**Task instructions**
What is needed is an exact repeat of the lines from the one holding "Highly detailed colored" through the final line of the data, with no pictures.
* * *
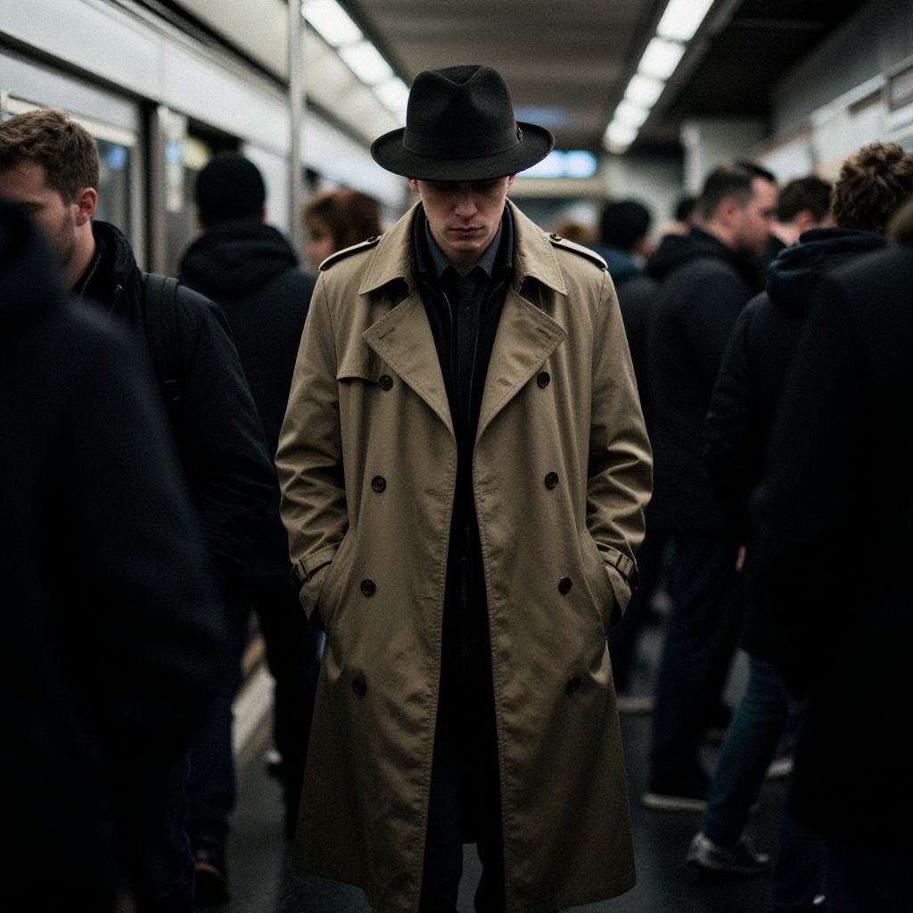 Photograph of a pale, serious man in a black fedora and beige trench coat, standing in a dimly lit, crowded subway.
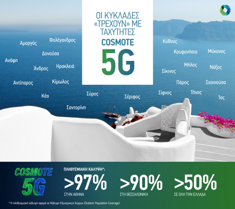Ελληνικό καλοκαίρι με ταχύτητες COSMOTE 5G απολαμβάνουν πλέον οι κάτοικοι και οι επισκέπτες στα νησιά των Κυκλάδων, καθώς συνεχίζεται με αμείωτο ρυθμό η ανάπτυξη του μεγαλύτερου[1] 5G δικτύου στην Ελλάδα. Ανάφη, Άνδρος, Αντίπαρος, Δονούσα, Ηρακλειά, Ίος, Κέα, Κίμωλος, Κύθνος, Μήλος, Μύκονος, Νάξος, Πάρος, Σέριφος, Σίφνος, Σύρος, Σχοινούσα, Τήνος και Φολέγανδρος «τρέχουν» από τις αρχές Ιουλίου με ταχύτητες 5G, ενώ ήδη από τον Μάιο το δίκτυο 5ης γενιάς της COSMOTE είναι διαθέσιμο και στη Σαντορίνη, την Αμοργό, τα Κουφονήσια και την Σίκινο.
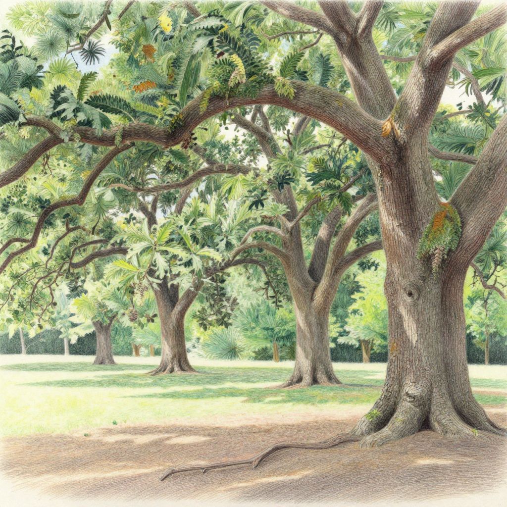 Highly detailed colored pencil drawing of a sunlit clearing surrounded by ancient oak trees with sprawling branches. The image captures intricate bark textures and layered foliage under soft natural light, emphasizing the tranquil atmosphere of the natural woodland setting.
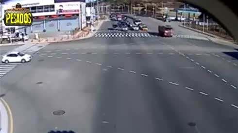 真命大!渣土车路口相撞 差点活埋轿车
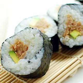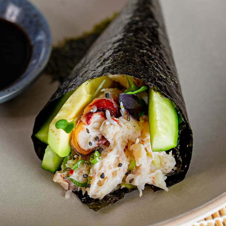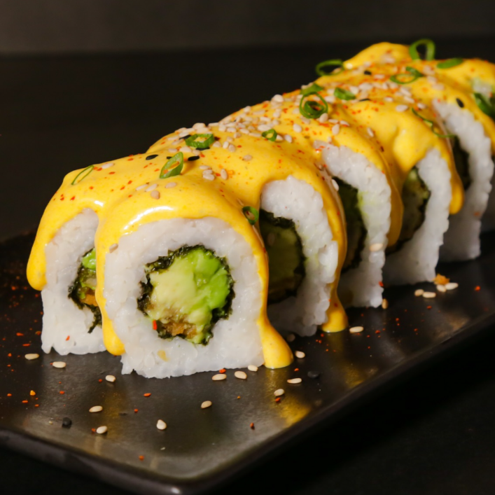 Atún, lechuga, palta, envuelto en alga nori y salsa spicy.
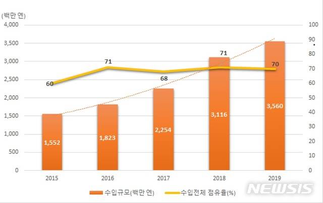지난해 일본 인스턴트 라면 품목의 총 수입 규모는 51억4000만엔으로 이중 한국이 35억6000만엔, 전체의 약 70%를 차지하고 있는데 향후 더욱 커질 수 있다는 전망이 나온다.
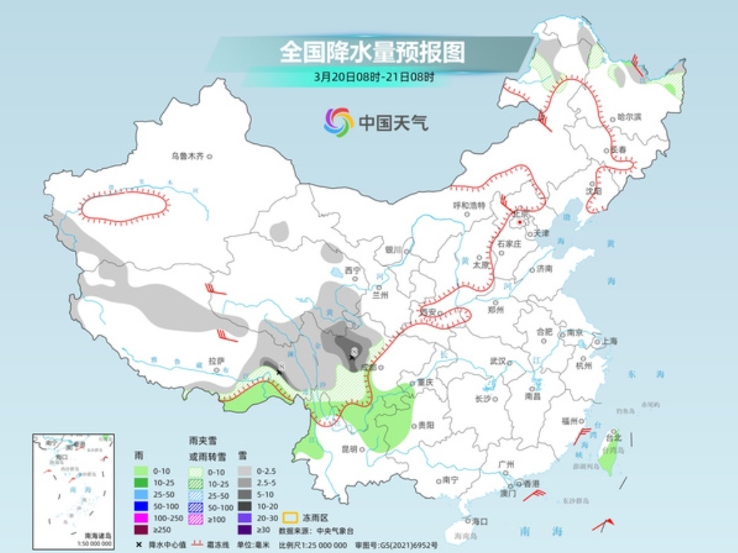 后天,新疆北疆北部、西藏中南部、川西高原中北部以及内蒙古东北部等地部分地区有小到中雪或雨夹雪,其中,新疆北疆北部、西藏东部等地部分地区有大雪,局地暴雪。新疆北疆低海拔地区、西藏东南部、四川南部、重庆中南部、湖北西南部、贵州北部、云南西北部和东北部等地部分地区有小雨,其中,西藏东南部等地部分地区有中雨。
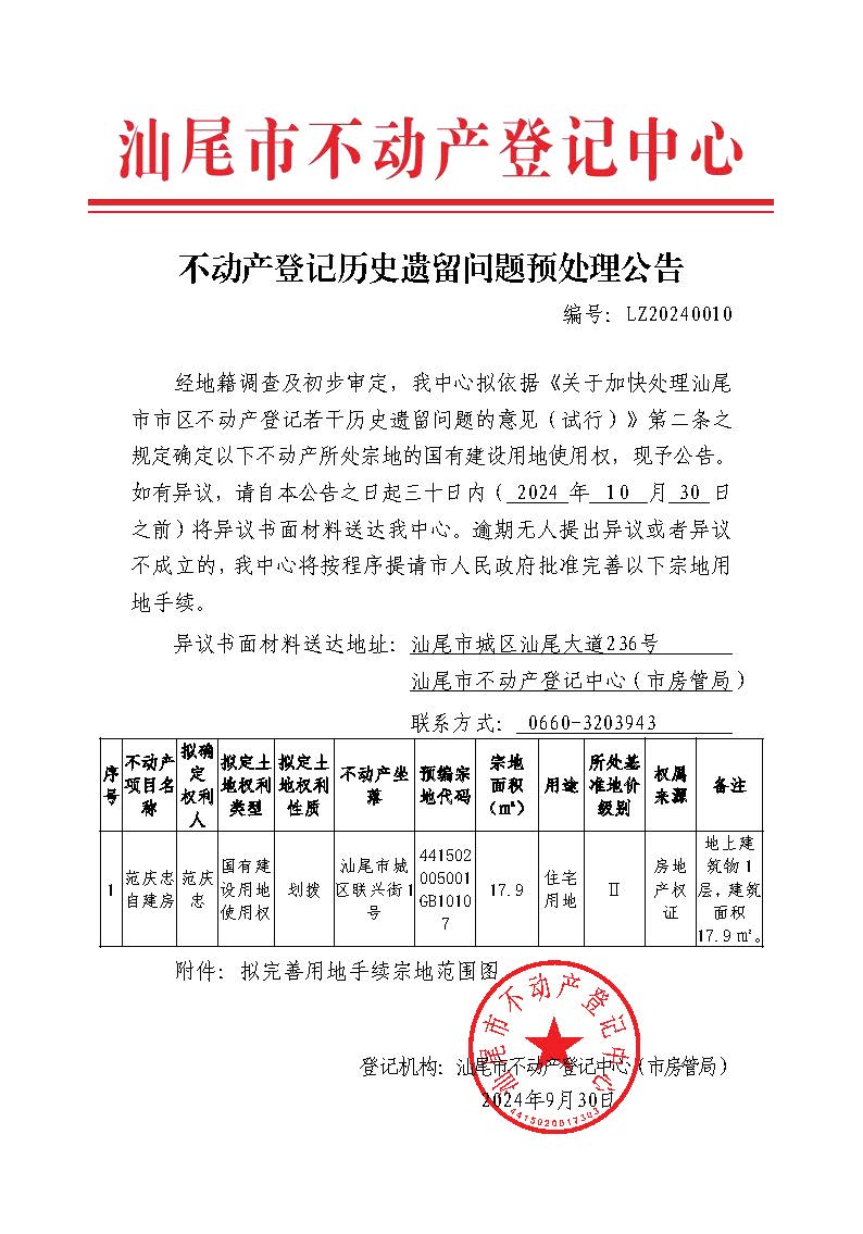 不动产登记历史遗留问题预处理公告(范庆忠)
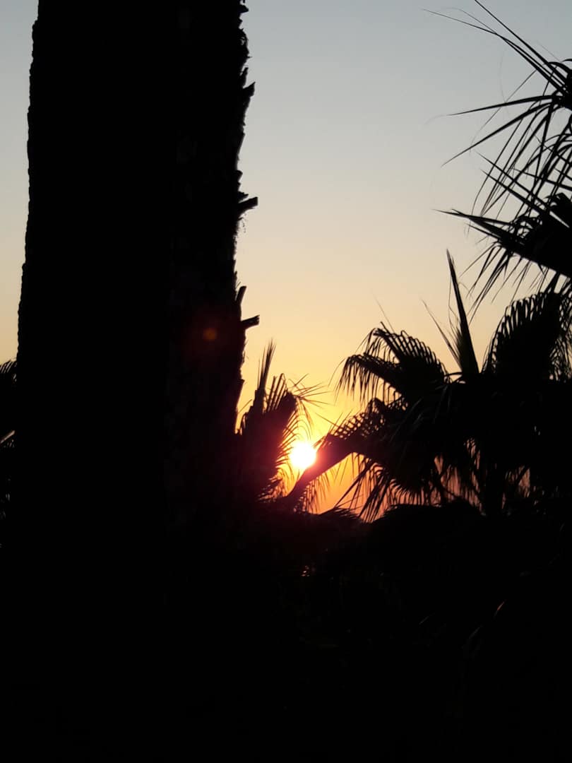 Sonnenuntergang von der Terasse beim Abendessen
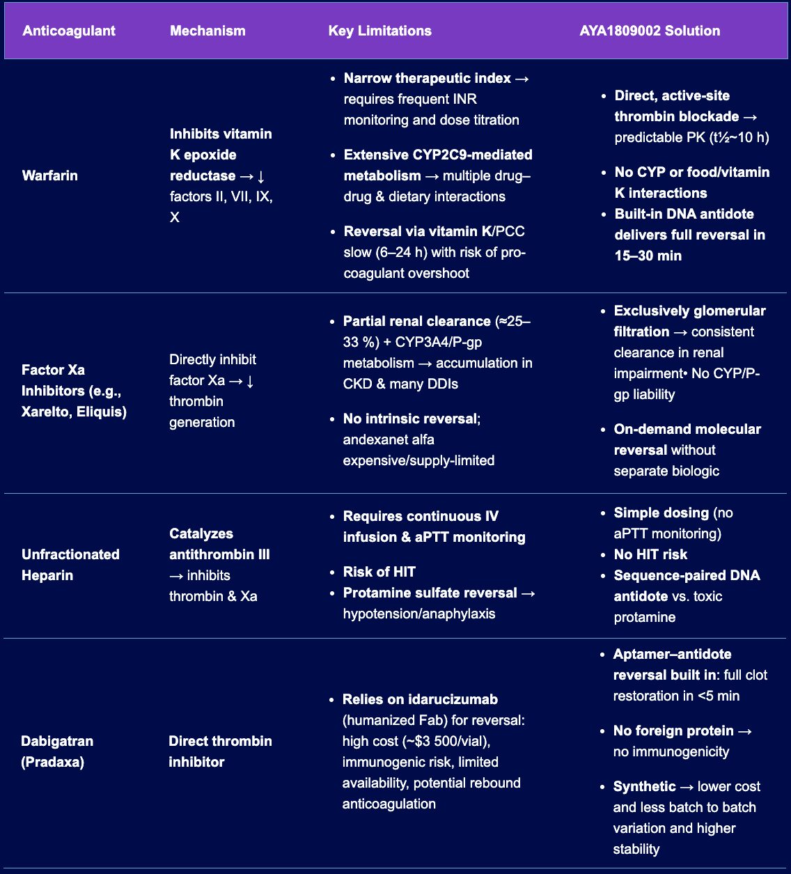 AYA1809002 is a first-in-class, reversible DNA aptamer-based anticoagulant targeting thrombin with high affinity and tunable control via a sequence-paired antidote. It is engineered to provide safe, effective, and rapidly reversible anticoagulation for use in hospital/acute care settings and high-risk patient populations.
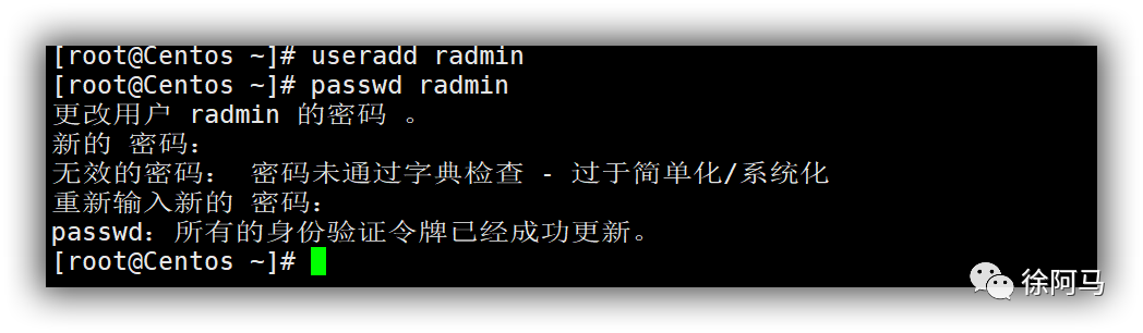 1. 创建radmin,设置密码为pwd@123
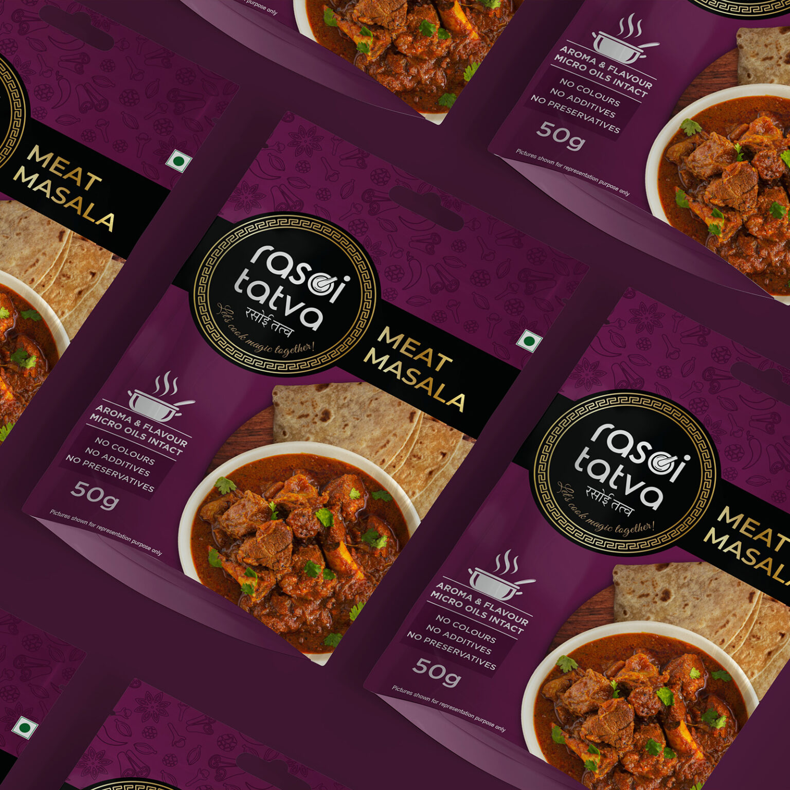 Our team named the brand “Rasoi Tatva” meaning “Kitchen Elements” – the perfect representation of how essential spices are to cooking. And our packaging design was crafted with the Indian market and target audience in mind, ensuring a stunning visual impact that captures attention. People are taking note of Rasoi Tatva – the spice brand that’s adding a touch of magic to kitchens across India!
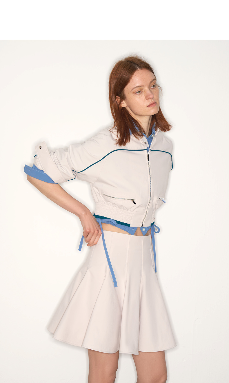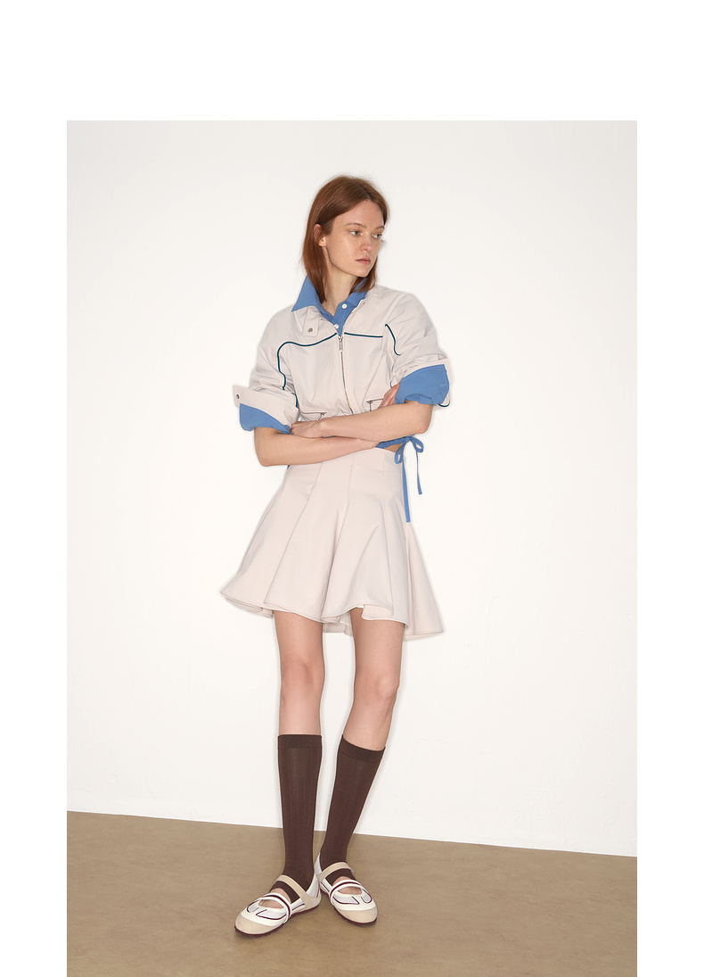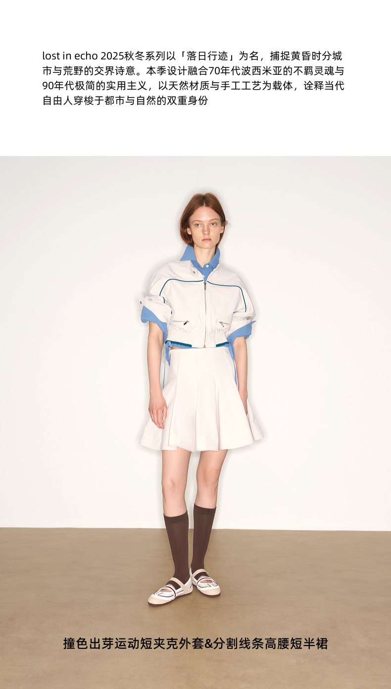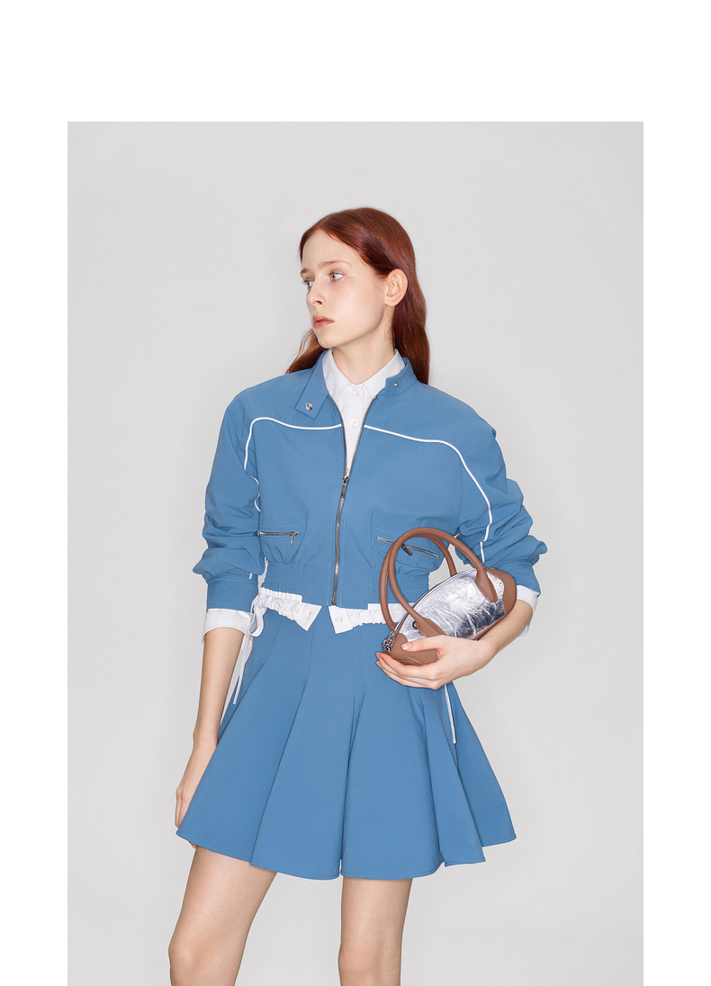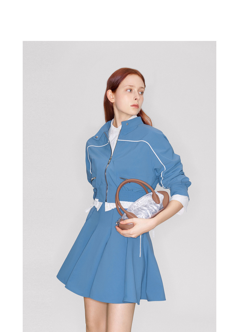 lost in echo2025秋冬新款撞色运动收腰显瘦夹克短外套高腰半身裙
* * *
**Solution for this task**
 Highly detailed colored pencil drawing of a sunlit clearing surrounded by ancient oak trees with sprawling branches. The image captures intricate bark textures and layered foliage under soft natural light, emphasizing the tranquil atmosphere of the natural woodland setting.
 真命大!渣土车路口相撞 差点活埋轿车
 Atún, lechuga, palta, envuelto en alga nori y salsa spicy.
지난해 일본 인스턴트 라면 품목의 총 수입 규모는 51억4000만엔으로 이중 한국이 35억6000만엔, 전체의 약 70%를 차지하고 있는데 향후 더욱 커질 수 있다는 전망이 나온다.
 后天,新疆北疆北部、西藏中南部、川西高原中北部以及内蒙古东北部等地部分地区有小到中雪或雨夹雪,其中,新疆北疆北部、西藏东部等地部分地区有大雪,局地暴雪。新疆北疆低海拔地区、西藏东南部、四川南部、重庆中南部、湖北西南部、贵州北部、云南西北部和东北部等地部分地区有小雨,其中,西藏东南部等地部分地区有中雨。
 不动产登记历史遗留问题预处理公告(范庆忠)
 Sonnenuntergang von der Terasse beim Abendessen
 AYA1809002 is a first-in-class, reversible DNA aptamer-based anticoagulant targeting thrombin with high affinity and tunable control via a sequence-paired antidote. It is engineered to provide safe, effective, and rapidly reversible anticoagulation for use in hospital/acute care settings and high-risk patient populations.
 1. 创建radmin,设置密码为pwd@123
 Our team named the brand “Rasoi Tatva” meaning “Kitchen Elements” – the perfect representation of how essential spices are to cooking. And our packaging design was crafted with the Indian market and target audience in mind, ensuring a stunning visual impact that captures attention. People are taking note of Rasoi Tatva – the spice brand that’s adding a touch of magic to kitchens across India!
 lost in echo2025秋冬新款撞色运动收腰显瘦夹克短外套高腰半身裙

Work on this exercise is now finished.